Exercise material:
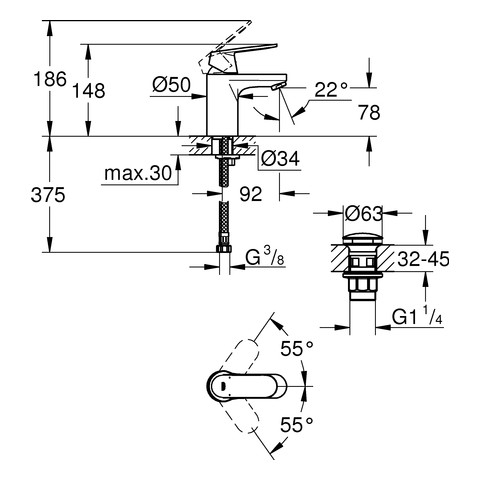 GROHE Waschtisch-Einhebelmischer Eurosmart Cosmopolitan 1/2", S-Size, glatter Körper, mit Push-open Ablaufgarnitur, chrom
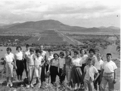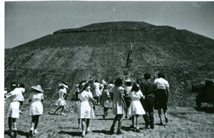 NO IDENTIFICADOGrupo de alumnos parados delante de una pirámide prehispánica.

--

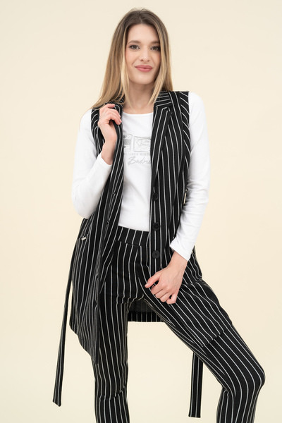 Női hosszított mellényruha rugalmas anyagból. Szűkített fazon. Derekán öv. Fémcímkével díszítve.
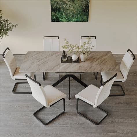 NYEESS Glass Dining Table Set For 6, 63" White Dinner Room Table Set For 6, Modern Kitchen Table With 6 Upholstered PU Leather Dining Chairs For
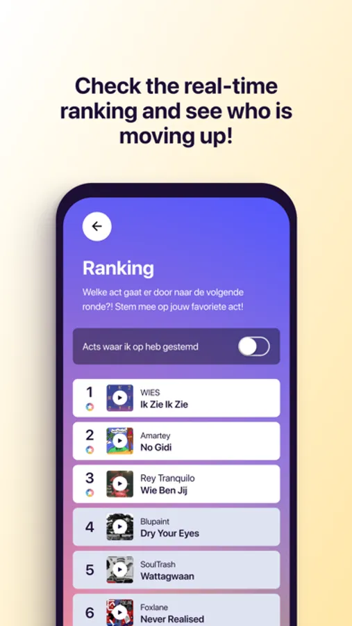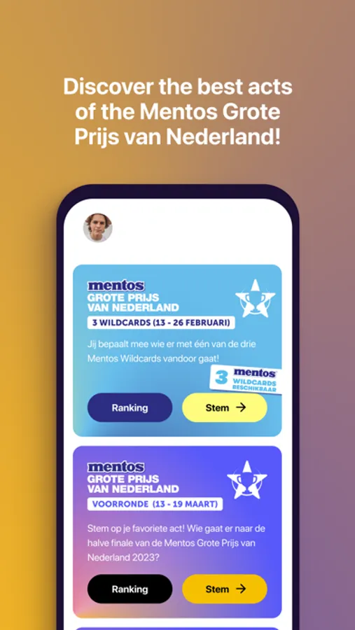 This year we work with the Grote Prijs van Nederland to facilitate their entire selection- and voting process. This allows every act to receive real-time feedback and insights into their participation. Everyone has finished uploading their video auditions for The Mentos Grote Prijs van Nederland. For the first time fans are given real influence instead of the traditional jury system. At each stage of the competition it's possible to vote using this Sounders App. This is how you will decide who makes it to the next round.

Exercise prompt: Look above and copy only the lines from the one holding "GROHE Waschtisch-Einhebelmischer Eurosmart" to the one holding "NO IDENTIFICADOGrupo de", both included, exactly, minus the pictures.

Result below:
 GROHE Waschtisch-Einhebelmischer Eurosmart Cosmopolitan 1/2", S-Size, glatter Körper, mit Push-open Ablaufgarnitur, chrom
 NO IDENTIFICADOGrupo de alumnos parados delante de una pirámide prehispánica.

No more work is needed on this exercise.